Also, in some ways it is simply bad advice. You can't actually control city population this way. You'll notice that a lot of your residences have 19/26 households, meaning that people can move in anytime there's a boost in happiness. Adding services will level buildings in an entire district, boosting its population quickly. You can't really control these issues, but you can build a neighborhoods with efficient intersections and u-turns.

But seriously, follow some hearses

The only way to understand how they travel is to follow them.
Monuments
A lot of people complain about the monuments, but I like them. Still, it's good to know how they can benefit your city, or ruin it.

The biggest Trojan Horse of them all: The Hadron Collider

All of your citizens become college grads. College grads don't like working in factories. Factories are necessary to build products for the commercial zones. If you enjoy watching your industrial sector go abandoned, followed by your commercial sector, followed by masssive unemployment, build a hadron collider.

Avoiding the hadron collider disaster

If you really must... tilt your city toward offices, and then generic industry. Offices can employ college grads, and high level generic industry will too. Forest and agricultural industrial sectors are doomed with a hadron collider.

Note that if you're going for the Eiffel Tower monument, having a hadron collider will make it almost impossible.

The biggest letdown of them all: The ultimate recycling center

It's expensive, and one of the core components of your waste network is that it's... a network. Having all of the garbage trucks deployed from one hub is a recipe for disaster for places far away from the hub. It also doesn't work well for the design I describe in this guide (though it could certainly serve the entirety of one of your four independent cities if placed well).

At around the 150k mark, it may be useful though. You can plop it in the middle of a high density area, and it basically maxes out the processing power for your other recycling centers, which is their real weakness.

The lady in red: The Eden Project

If you're taking home an attractive stranger from a bar in real life, you don't have the opportunity to save your game, but in Cities Skylines you do, and with the Eden Project, you should.

I don't know why I say "the lady in red" because I'm a gay man, but there's not an equivalent phrase. "Tall, dark and handsome" doesn't really suggest "your city might plunge into disaster and deathwaves, and also you might get chlamydia." In any event, get a prescription of antibiotics and save your game, because with the Eden Project, you don't know what will happen!

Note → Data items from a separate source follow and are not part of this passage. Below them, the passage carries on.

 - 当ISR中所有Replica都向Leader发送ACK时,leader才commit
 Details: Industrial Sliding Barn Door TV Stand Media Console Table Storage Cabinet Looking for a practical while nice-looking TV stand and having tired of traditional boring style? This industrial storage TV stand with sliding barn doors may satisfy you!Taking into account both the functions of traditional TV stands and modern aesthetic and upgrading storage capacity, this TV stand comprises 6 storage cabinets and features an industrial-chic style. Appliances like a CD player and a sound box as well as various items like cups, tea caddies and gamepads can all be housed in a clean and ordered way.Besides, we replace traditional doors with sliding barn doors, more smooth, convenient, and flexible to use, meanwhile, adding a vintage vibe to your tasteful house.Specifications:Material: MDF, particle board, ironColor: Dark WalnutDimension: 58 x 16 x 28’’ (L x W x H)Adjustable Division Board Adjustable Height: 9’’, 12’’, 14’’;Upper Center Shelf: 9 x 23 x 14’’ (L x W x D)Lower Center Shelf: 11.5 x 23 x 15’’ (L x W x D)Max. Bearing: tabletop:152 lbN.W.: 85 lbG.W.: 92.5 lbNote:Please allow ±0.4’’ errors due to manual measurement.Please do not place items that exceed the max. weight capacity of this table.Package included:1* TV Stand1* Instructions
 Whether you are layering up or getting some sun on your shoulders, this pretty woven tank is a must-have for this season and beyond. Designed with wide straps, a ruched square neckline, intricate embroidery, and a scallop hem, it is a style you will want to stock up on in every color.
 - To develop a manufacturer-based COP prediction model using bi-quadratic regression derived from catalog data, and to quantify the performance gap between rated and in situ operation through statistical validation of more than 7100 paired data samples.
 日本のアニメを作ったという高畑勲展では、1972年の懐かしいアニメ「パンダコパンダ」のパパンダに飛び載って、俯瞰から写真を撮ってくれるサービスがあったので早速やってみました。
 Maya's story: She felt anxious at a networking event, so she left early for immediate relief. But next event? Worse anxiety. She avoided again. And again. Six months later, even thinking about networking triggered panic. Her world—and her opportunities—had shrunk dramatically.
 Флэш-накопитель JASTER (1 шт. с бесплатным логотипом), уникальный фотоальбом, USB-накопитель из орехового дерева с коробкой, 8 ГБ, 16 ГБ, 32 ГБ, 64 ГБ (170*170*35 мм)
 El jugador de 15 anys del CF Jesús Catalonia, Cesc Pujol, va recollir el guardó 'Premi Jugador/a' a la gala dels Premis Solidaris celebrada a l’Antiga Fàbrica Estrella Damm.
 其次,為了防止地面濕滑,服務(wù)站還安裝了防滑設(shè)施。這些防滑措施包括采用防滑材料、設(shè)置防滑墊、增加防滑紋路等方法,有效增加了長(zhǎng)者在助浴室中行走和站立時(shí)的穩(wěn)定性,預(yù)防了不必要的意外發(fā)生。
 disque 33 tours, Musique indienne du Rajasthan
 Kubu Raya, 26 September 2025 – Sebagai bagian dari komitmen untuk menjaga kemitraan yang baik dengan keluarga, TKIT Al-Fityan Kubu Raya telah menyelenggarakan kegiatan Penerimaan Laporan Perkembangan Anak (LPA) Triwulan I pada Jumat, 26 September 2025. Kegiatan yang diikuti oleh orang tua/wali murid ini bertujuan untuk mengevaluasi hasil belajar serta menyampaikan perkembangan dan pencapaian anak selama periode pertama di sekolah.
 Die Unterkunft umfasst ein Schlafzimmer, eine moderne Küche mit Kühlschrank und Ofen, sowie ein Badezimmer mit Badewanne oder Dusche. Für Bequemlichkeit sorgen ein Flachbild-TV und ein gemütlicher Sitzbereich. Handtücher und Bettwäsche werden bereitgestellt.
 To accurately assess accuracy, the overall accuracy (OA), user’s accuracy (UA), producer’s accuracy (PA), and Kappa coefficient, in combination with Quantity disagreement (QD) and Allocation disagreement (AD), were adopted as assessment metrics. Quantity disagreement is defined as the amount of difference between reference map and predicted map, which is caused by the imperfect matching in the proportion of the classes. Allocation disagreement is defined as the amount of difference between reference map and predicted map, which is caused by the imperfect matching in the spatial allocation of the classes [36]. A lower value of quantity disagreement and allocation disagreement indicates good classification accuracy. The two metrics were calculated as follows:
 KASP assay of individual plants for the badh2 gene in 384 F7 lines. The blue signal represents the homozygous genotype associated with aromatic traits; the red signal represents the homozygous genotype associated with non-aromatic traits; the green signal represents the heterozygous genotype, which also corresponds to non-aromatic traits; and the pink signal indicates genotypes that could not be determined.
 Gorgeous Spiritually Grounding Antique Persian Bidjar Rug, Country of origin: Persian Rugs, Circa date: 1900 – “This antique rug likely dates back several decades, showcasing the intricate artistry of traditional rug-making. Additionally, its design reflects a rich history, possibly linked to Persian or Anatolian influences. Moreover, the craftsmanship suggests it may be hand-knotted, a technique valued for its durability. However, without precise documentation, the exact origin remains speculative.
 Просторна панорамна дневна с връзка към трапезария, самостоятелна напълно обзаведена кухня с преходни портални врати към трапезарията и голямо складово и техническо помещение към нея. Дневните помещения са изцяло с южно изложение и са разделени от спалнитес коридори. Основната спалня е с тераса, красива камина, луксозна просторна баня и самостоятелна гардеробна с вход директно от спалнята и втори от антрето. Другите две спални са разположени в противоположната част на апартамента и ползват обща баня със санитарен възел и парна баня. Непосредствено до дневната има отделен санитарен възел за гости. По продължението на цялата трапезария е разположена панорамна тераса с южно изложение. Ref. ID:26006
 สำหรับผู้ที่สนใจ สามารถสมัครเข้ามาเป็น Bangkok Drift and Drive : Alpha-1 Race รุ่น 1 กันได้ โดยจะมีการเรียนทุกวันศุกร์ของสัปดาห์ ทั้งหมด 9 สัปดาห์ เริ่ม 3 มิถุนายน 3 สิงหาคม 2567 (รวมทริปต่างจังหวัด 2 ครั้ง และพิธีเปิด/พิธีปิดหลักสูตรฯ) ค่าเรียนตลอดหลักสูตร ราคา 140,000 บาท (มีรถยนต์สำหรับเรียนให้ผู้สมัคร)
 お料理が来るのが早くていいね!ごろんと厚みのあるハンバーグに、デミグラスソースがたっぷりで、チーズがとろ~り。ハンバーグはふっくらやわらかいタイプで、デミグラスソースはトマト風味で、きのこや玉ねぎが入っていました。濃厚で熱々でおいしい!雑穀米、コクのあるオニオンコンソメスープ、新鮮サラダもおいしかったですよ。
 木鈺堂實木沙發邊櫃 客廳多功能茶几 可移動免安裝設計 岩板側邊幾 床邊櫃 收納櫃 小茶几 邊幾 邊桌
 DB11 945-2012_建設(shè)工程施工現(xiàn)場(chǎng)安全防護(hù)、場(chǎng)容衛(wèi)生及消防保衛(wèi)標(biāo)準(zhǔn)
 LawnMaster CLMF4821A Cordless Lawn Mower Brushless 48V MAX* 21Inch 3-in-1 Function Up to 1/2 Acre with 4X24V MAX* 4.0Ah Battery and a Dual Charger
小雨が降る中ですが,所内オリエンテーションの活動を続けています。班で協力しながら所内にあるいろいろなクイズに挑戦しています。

The Eden Project increases all of the property values to max, and tends to drag all of the building levels up to max along with it. Sounds like a great thing, right? WHAT COULD POSSIBLY GO WRONG?

A lot, apparently.

  • The city population can easily go up by 50% over the course of fifty weeks, creating an endless series of deathwaves.
  • The traffic of an additional 50% population boost can overload well functioning interchanges throughout the city, ruining everything.
  • The massive shift in commercial and industry level can destroy the previous balance of pretty much everything, again ruining everything.
  • You spent days or weeks building up a beautiful series of parks, and connected services, and all of them are kind of pointless now, and honestly it's hard not to feel a little bit raw about that.
  • You get chlamydia. Which is as easy to treat as loading a game, so TBH I recommend enjoying your life at this technological stage in human history.

I have an attorney that I work with (I am also an attorney) who sometimes discourages me from bringing in high powered expert witnesesses, with the adage, "You don't need a sledgehammer to kill a fly."

But I like sledgehammers, which probably explains why I like the Eden Project.

It eliminates pollution, which looks ugly. It gives you freedom to build the city more or less how you want, without having to blanket services in awkward places. Also, during occasions when you want to boost population, nothing matches it. (It is a helpful "population bomb" in scenarios like Tornado Country.)

Tips for preventing it from wrecking everything:

  • Use it as early as possible. As soon as monuments become available. The negative effects, namely its impact on the balance of the game, are mostly blunted when you use it while the city is relatively small.
  • Anticipate the deathwaves by building a lot of crematoriums.
  • Have an emtpy, unzoned district ready for development so you can easily add services/zoning/whatever to accomodate whatever crisis emerges from screwing the internal balance of the city.
  • Get tested.

The best monument but also the most boring: The Fusion Power Plant

It's more power than you'll probably ever need and it's cheap.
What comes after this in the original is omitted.